AI-Hypercomputer/JetStream

Feature request: improve documentation

Closed this issue · 5 comments

Hey, how do I use this library with llama or mistral/mixtral?
thanks!

Hi Ohad,
This library can used as orchestration layer that provides inference features such as continuous batching, disaggregation etc. You would need to implement a runtime engine that supports LLama or Mistral/Mixtral forward pass for inference and integrate it with JetStream by supporting these APIs -- https://github.com/google/JetStream/blob/main/jetstream/engine/engine_api.py.

Having said that, this is a new codebase and we are working on a user guide that should provide more details. cc @JoeZijunZhou

This looks cool and I see it being used by maxtext.
My main confusion is if it's meant to send requests of single item at a time or if it will also support sending directly a batch of inputs?

The server current expects a single request and does the (continuous) batching for the user. This is primarily targetting the online serving usecase. You are correct, maxtext is a reference engine implementation that works with JetStream.

So in the case I want to process 10k inputs, can they be submitted fast enough to maximize tpu utilization but still avoiding failure due to too much backlog?

JetStream uses grpc server framework and the requests are subject to the timeouts/limits set at the service level.
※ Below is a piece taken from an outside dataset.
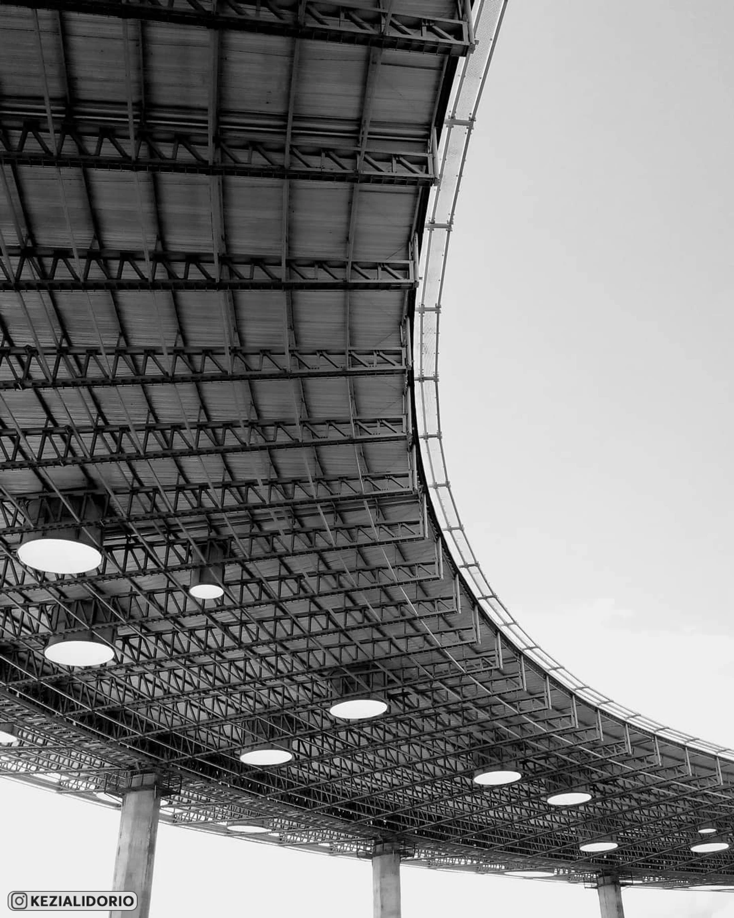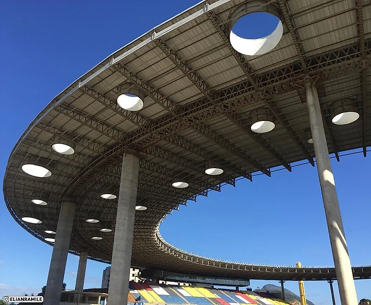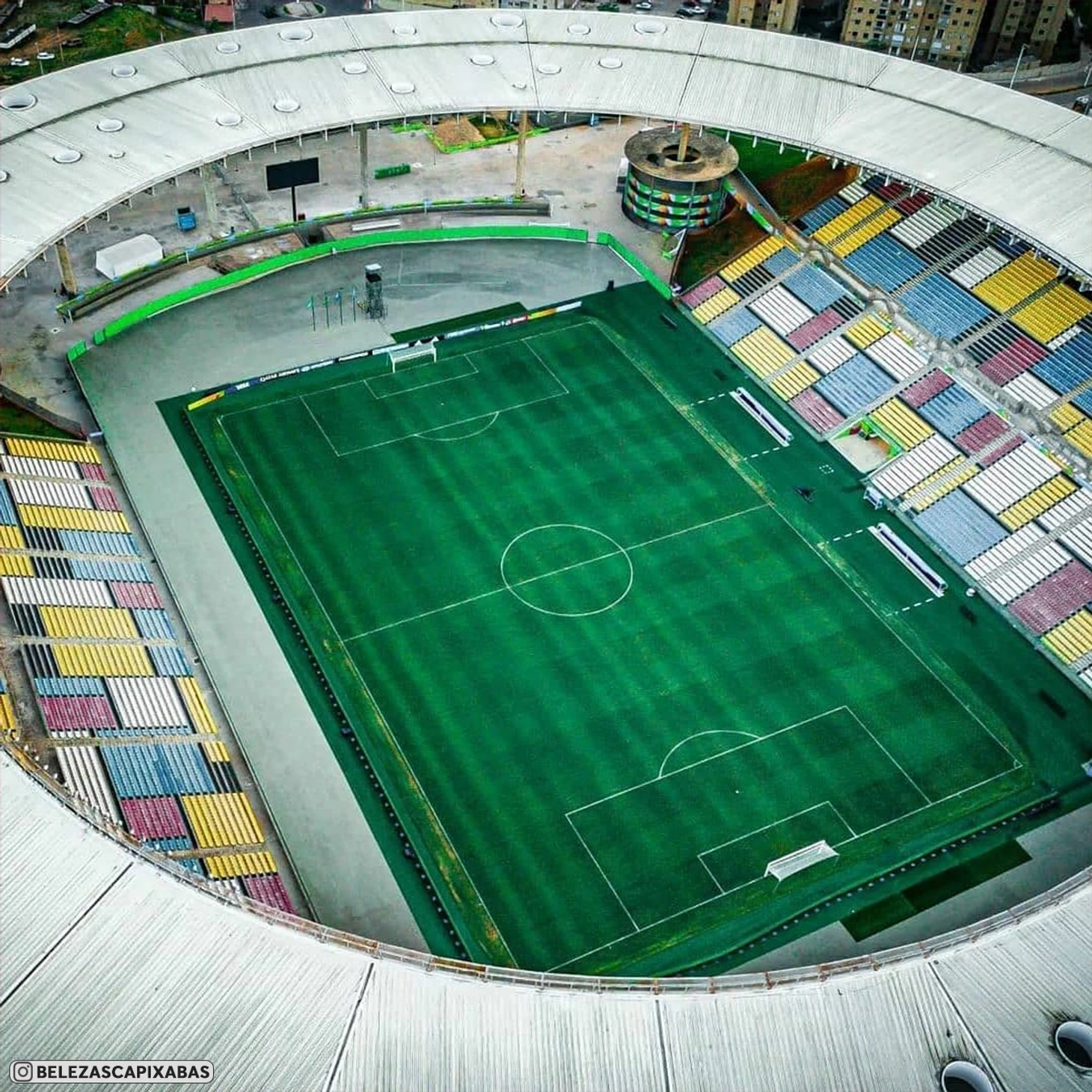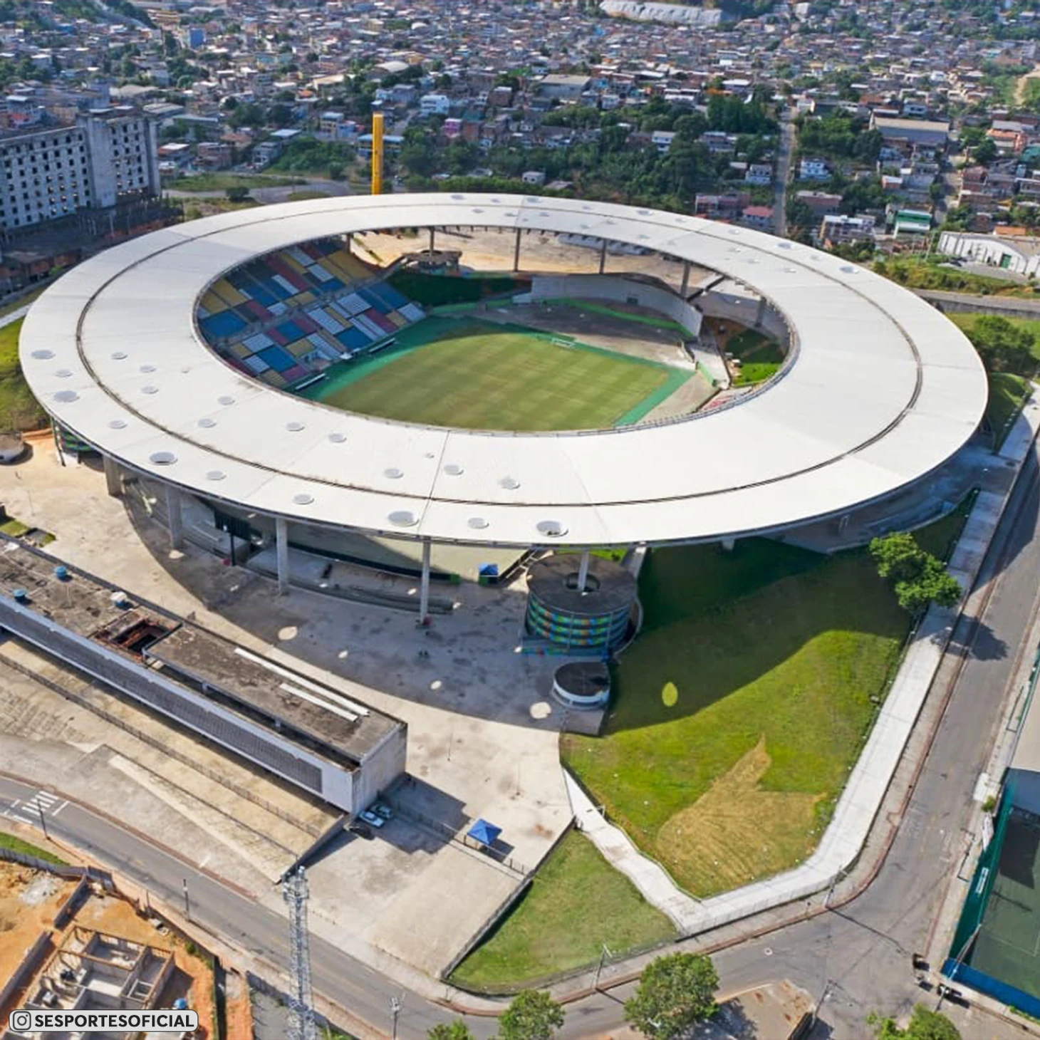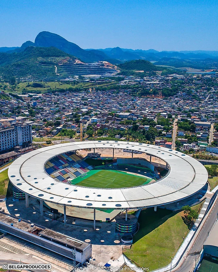 Стадион «Клебер Жозе де Андраде» имеет крайне необычный дизайн. Разноцветные трибуны и отверстия в крыше (фото с дронов)

Internally, it will process as many requests as it can to provide the best throughput/latency as possible.
Each model is different and the tpu utilization and performance numbers also depend on how the model is setup (num params, activations, quantization settings, HBM used, sharding etc.) in the engine (maxtext) for a given hardware used (eg. TPU v5e-16). We should have tuned configs for some of publicly available models such as LLama fairly soon.